格林德沃看着邓布利多穿戴整齐准备出发的时候,心里的坏念头盘算了很久:在火车站,人那么多的地方,把阿尔逼在一个视线死角,对他这样那样,阿尔那么敏感的人,肯定憋红了脸又不敢怎样,想想就兴奋。
“...盖尔,盖尔?” 邓布利多唤格林德沃,”想什么呢?”
“咳,没什么,”格林德沃虚心的用拳头试图掩盖上扬的嘴角。
国王车站还像之前一样,蒸汽弥漫开来,猫头鹰的叫声和新生的笑声交杂,蟾蜍和猫咪在人们脚下窜来窜去。
邓布利多笑了,像温过的酒。
格林德沃决定阻止他男人继续发散魅力,帮邓布利多放好行李后,就将人拉到墙角,一条腿堵在邓布利多的两腿之间。

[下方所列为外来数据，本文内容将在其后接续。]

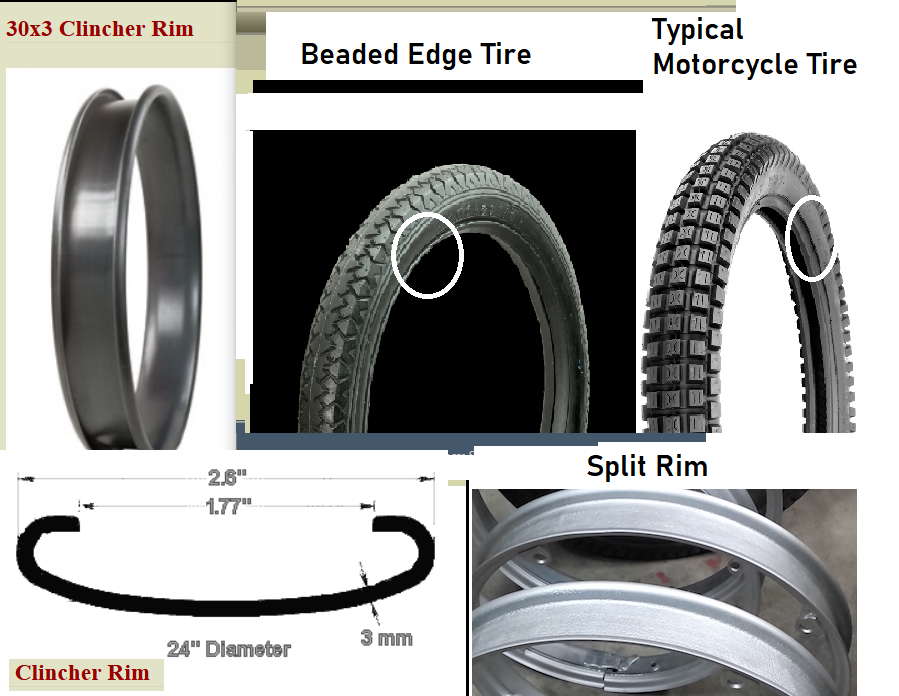 Like Allen says... tires need to match the rim design. The term "Motorcycle Tire" is insufficient to clearly describe the tires bead. Some have a beaded edge and some don't for mounting on the respective rim. I think you can se that the Typical Motorcycle Tire's edge doesn't match the clincher rim but might work on a split rim. The opposite would be true for a beaded edge tire

“阿尔,你说,这分开的半年,该怎么办呢?”格林德沃在邓布利多说。
邓布利多的耳朵不争气的红了,手有些不知道放在哪里,忽然鼓起了勇气揪住格林德沃的衬衫,吻了上去。
是太妃糖的味道,格林德沃想,并加深了这个吻。
等邓布利多似乎无法呼吸时,格林德沃才放开了他,用手指摩挲着被自己吻过的唇,“我现在就想上了你,怎么办呢?阿尔?”